In a scenario of disease outbreak, portable and rapidly deployable setup is desired to lower the cost of transport and to accelerate the diagnostic process. ONT’s MinION has demonstrated its strong efficacy in handling Ebola outbreak in western Africa (Hoenen et al. 2016; Quick et al. 2016), and Lassa virus (LASV) outbreak during 2018 in Nigeria (Kafetzopoulou et al. 2019). A comparison between Illumina and ONT methods in metagenomic sequencing was conducted. Through recovering whole-genome sequences of Dengue virus and chikungunya virus directly from serum and plasma of patients, they demonstrated the feasibility of nanopore metagenomic sequencing at a lower requirement of resources (Kafetzopoulou et al. 2018). Nanopore devices can work in less favorable locations and conditions and do not need a sophisticated laboratory setup (Greninger et al. 2015; Hansen et al. 2018). These devices can also reduce risk and avoid expensive logistics in terms of cost and time incurred in carrying samples from place to place.

Summary

Many biological questions can be answered with various sequencing technologies available till date. Choice of any sequencing method to be employed in human genetics project is generally context dependent. Additionally, one can consider cost, accuracy, running time and technical biases of these methods. Improved read length in TGS/SMS technologies is a milestone in the field of human genetics. Both PacBio and ONT have been continuously putting efforts in upgrading their sequencing solutions toward increased read length, reduced error rate and cost of sequencing. Oxford Nanopore’s ability to generate ultra-long reads and to differentiate modified nucleotides at high speed are few of its advantages over PacBio methods. Longer reads can greatly benefit genome assemblies of complex organisms, resolving tandem repeats and complex structural rearrangements in human diseases, phasing of haplotypes, deciphering the MHC sequence and identifying correct isoforms of RNA. Direct detection of RNA molecules or epigenetic modification can overcome the need of reverse transcription in case of RNA sequencing and bisulfite treatment to decipher methylation. Sequencing solutions that reduce the analysis time would improve the decision making in PGS and also in case of disease outbreaks by pathogens.
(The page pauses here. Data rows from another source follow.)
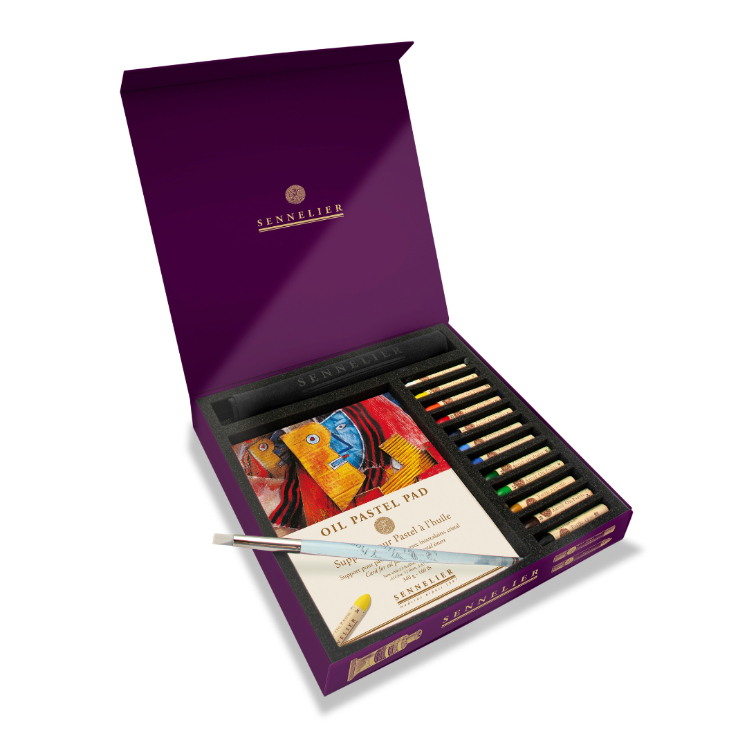 Lúxus olíu pastel sett með öllu sem þú þarft til að hefjast handa. Setið inniheldur 12 hágæða olíu pastela í segulkassa, 340g olíu pastel blokk fyrir æfingar og tilraunir, Symbiose sculpt pensil fyrir nákvæma smávinnu, og Sennelier klút til að blanda og jafna litina. Fullkomið fyrir fagfólk og listamenn sem vilja dýpra tækni sína með traustum efnum og þægilegri geymslu.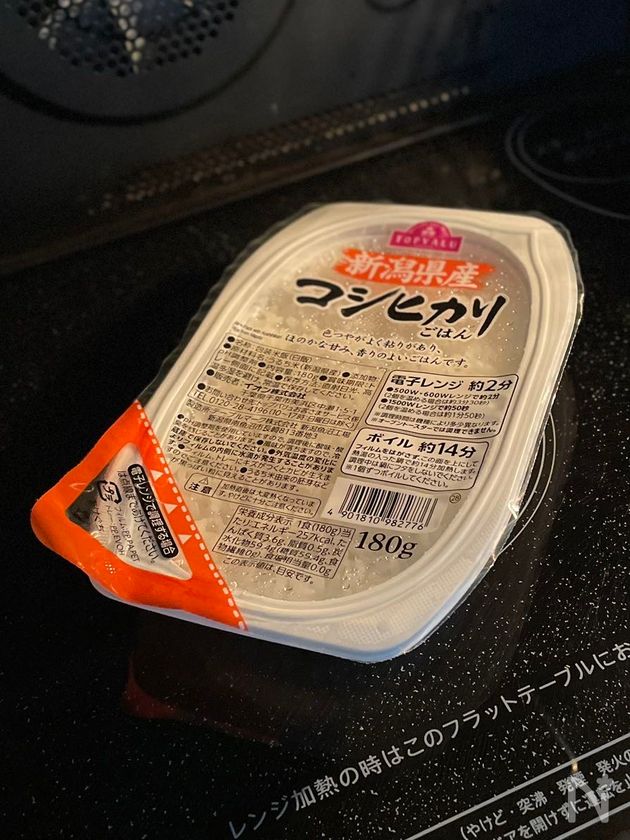 (1) パックご飯はパッケージの表記どおり温めておく。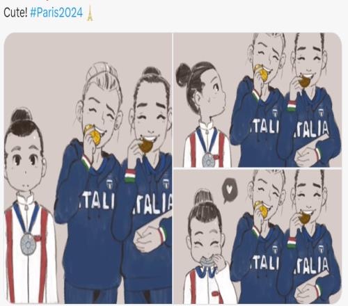 颁奖典礼上,她看到冠军和季军两名意大利选手咬金牌庆祝,愣了一下也跟着对镜头做出抿奖牌的动作,这个可爱的反应在外网走红。
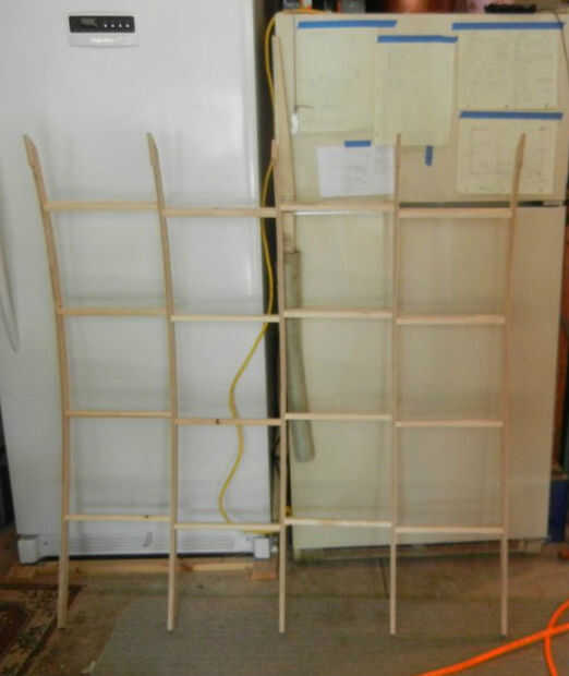 - También corté 3/4" de pulgada de la parte inferior de cada uno de los 5 refuerzos interiores y cortar 1 1/2" de la parte superior de cada costilla - no cortó un completo 3/4" y 1 1/2" al principio - cada corte un poco tímido del final tamaño apto para darme algún margen de maniobra en caso algo no encajarán bien - una vez que seco ajuste cada puntal y verificar cuánto adicional corte era necesario terminar los cortes. Nota: corté la parte superior y la parte inferior - solo hacking de 2 1/4" de un lado o el otro habría dado lugar a arcos que ya no coinciden los arcos de la pared de cabina.

Despite their advantages, long reads produced by ONT sequencing methods suffer a high error rate, which might hamper the accuracy of genome sequencing projects. This error rate is expected to reduce/diminish to certain extent by improving the signal detection systems of these sequencers. Many researchers have shown that although long-reads technologies have been developed, short reads have not lost their relevance yet. High accuracy rates of short reads and longer length of long reads can be combined to achieve better accuracy. Another limitation faced by projects involving long reads is the computational requirement of analysis. During genome assembly, as number of reads increases, the number of overlaps computed between the reads also increases exponentially. Nonetheless, with methods that leverage the power of ultra-long reads, SMS will be a revolution in genomic studies and will create new possibilities.